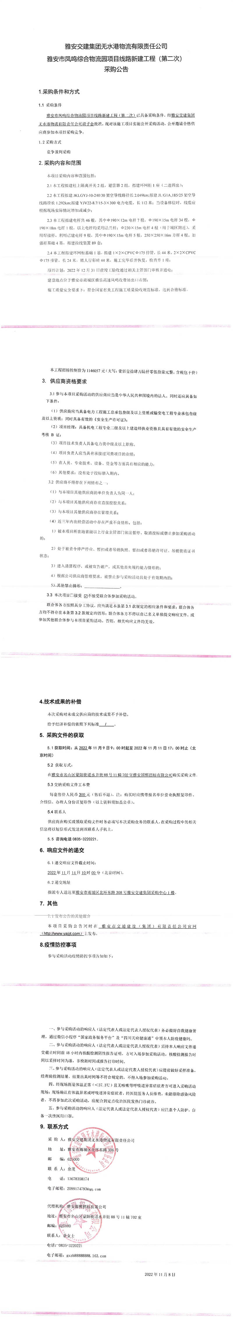 雅安交建集團(tuán)無水港物流有限責(zé)任公司雅安市鳳鳴綜合物流園項目線路新建工程(第二次)采購公告
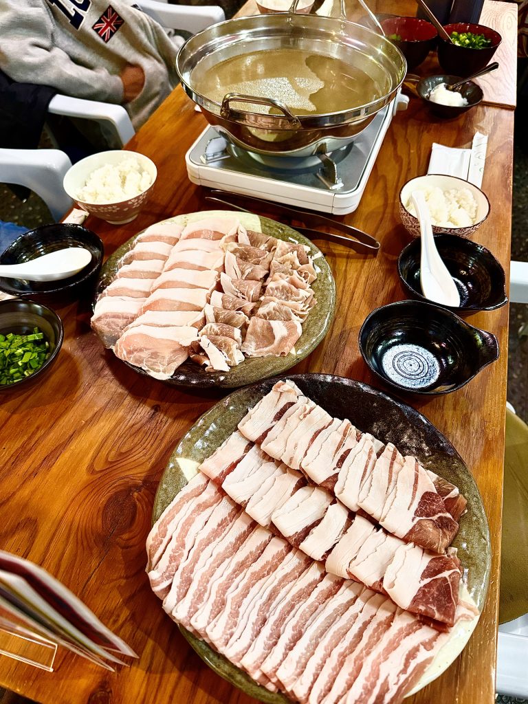 金アグー豚の芳醇な旨味、脂身の甘さを存分に楽しめる逸品です。 - 🥬 ネギ・ニラ・大根おろしを包んで食べる、新感覚のしゃぶしゃぶ
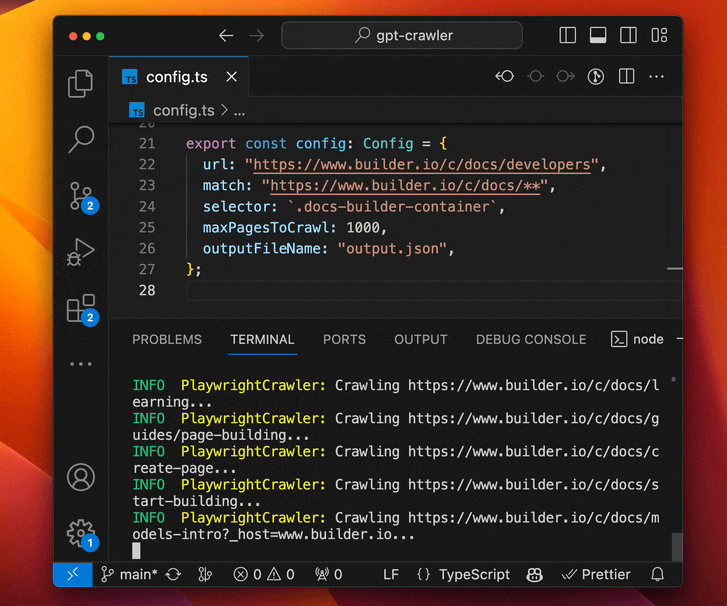 项目展示了如何使用爬虫从指定 URL(例如 Builder.io 的文档)进行爬取,配置爬虫参数,比如 URL,选择器,最大爬取页面数等参数。运行后就能爬取该知识网站的内容,输出 Json 文件。
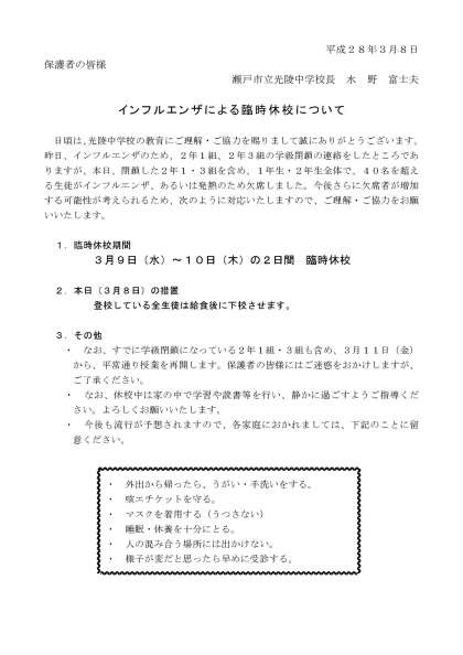 インフルエンザによる臨時休校のお知らせ(3月8日)
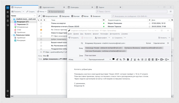 Приложение для управления почтой, контактами и деловым расписанием на основе Thunderbird. Входит в состав платного офисного пакета Р7-Офис.
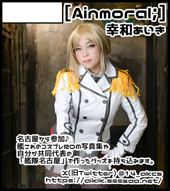 サークル説明 艦これのコスプレROM・ブロマイドセット、「連合艦隊名古屋へ!・札幌へ!」のイベントグッズ頒布とチラシ配布を行います。
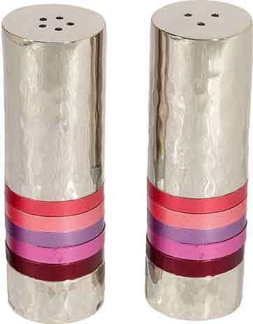 Yair Emanuel Salt and Pepper Shaker Hammered Nickel - Shades of Pink and Red Maroon Rings (SAB-3)
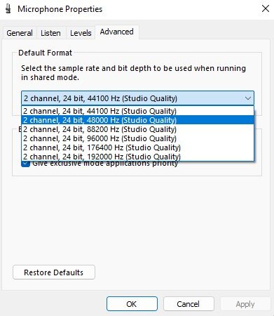 如果您沒有聽到任何聲音,或者聲音不正確,請確保將採樣率更改為 16 位、48'000 Hz(如果您可以使用此選項)。其他應用程序也可能會阻止您的音頻設備正常工作。為了防止程序改變您的音頻首選項,請確保取消選中允許應用程序獨占控制該設備選項並應用您的更改。
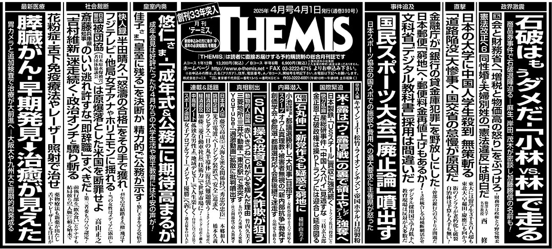バックナンバー 2025年4月号 国会&財務省へ「増税・物価高」の怒り放て/石破はもうダメだ‐「小林vs.林」で走り出す/金融庁が「貸金庫犯罪」を野放しにした/悠仁さま‐「成年式&公務」に期待高まるが/日本の大学に中国人殺到も危機感なし サイズ:B5 1,250円(税込) 商品に関するお問い合わせはこちら
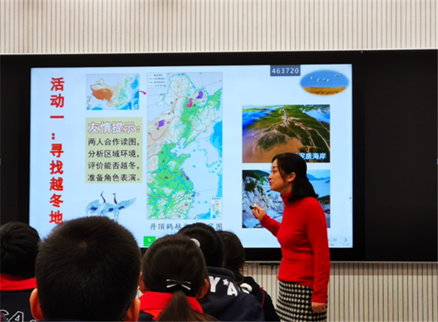当天是雨天,但这一切未阻挡前来参加教研活动的老师们脚步,参会者有来自市中心静安、虹口、长宁、普陀等区,也不乏有来自崇明区、奉贤区、金山等远郊学校的老师。因为他们对这堂由静安区教育学院附校地理教师盛丽芬执教的《丹顶鹤去哪里越冬?》公开课有所期待。毕竟,跨学科融合教学对自己是一个全新的挑战。上课伊始,前来听课的老师都拿出笔记本认真记录下盛丽芬老师的板书,拿出手机拍下盛老师上课的每一页PPT,唯恐遗漏了课堂要点。
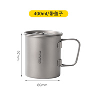 SNOW ROCK【源头厂家直销】英迪户外纯钛水杯家用便携式折叠手柄马克杯餐具 400ml钛杯【带盖】

▸ REQUIRED ACTION: Output every entry word for word, but omit the pictures.

▸ RESULT FOR THIS EXERCISE:
 雅安交建集團(tuán)無水港物流有限責(zé)任公司雅安市鳳鳴綜合物流園項目線路新建工程(第二次)采購公告
 金アグー豚の芳醇な旨味、脂身の甘さを存分に楽しめる逸品です。 - 🥬 ネギ・ニラ・大根おろしを包んで食べる、新感覚のしゃぶしゃぶ
 项目展示了如何使用爬虫从指定 URL(例如 Builder.io 的文档)进行爬取,配置爬虫参数,比如 URL,选择器,最大爬取页面数等参数。运行后就能爬取该知识网站的内容,输出 Json 文件。
 インフルエンザによる臨時休校のお知らせ(3月8日)
 Приложение для управления почтой, контактами и деловым расписанием на основе Thunderbird. Входит в состав платного офисного пакета Р7-Офис.
 サークル説明 艦これのコスプレROM・ブロマイドセット、「連合艦隊名古屋へ!・札幌へ!」のイベントグッズ頒布とチラシ配布を行います。
 Yair Emanuel Salt and Pepper Shaker Hammered Nickel - Shades of Pink and Red Maroon Rings (SAB-3)
 如果您沒有聽到任何聲音,或者聲音不正確,請確保將採樣率更改為 16 位、48'000 Hz(如果您可以使用此選項)。其他應用程序也可能會阻止您的音頻設備正常工作。為了防止程序改變您的音頻首選項,請確保取消選中允許應用程序獨占控制該設備選項並應用您的更改。
バックナンバー 2025年4月号 国会&財務省へ「増税・物価高」の怒り放て/石破はもうダメだ‐「小林vs.林」で走り出す/金融庁が「貸金庫犯罪」を野放しにした/悠仁さま‐「成年式&公務」に期待高まるが/日本の大学に中国人殺到も危機感なし サイズ:B5 1,250円(税込) 商品に関するお問い合わせはこちら
当天是雨天,但这一切未阻挡前来参加教研活动的老师们脚步,参会者有来自市中心静安、虹口、长宁、普陀等区,也不乏有来自崇明区、奉贤区、金山等远郊学校的老师。因为他们对这堂由静安区教育学院附校地理教师盛丽芬执教的《丹顶鹤去哪里越冬?》公开课有所期待。毕竟,跨学科融合教学对自己是一个全新的挑战。上课伊始,前来听课的老师都拿出笔记本认真记录下盛丽芬老师的板书,拿出手机拍下盛老师上课的每一页PPT,唯恐遗漏了课堂要点。
 SNOW ROCK【源头厂家直销】英迪户外纯钛水杯家用便携式折叠手柄马克杯餐具 400ml钛杯【带盖】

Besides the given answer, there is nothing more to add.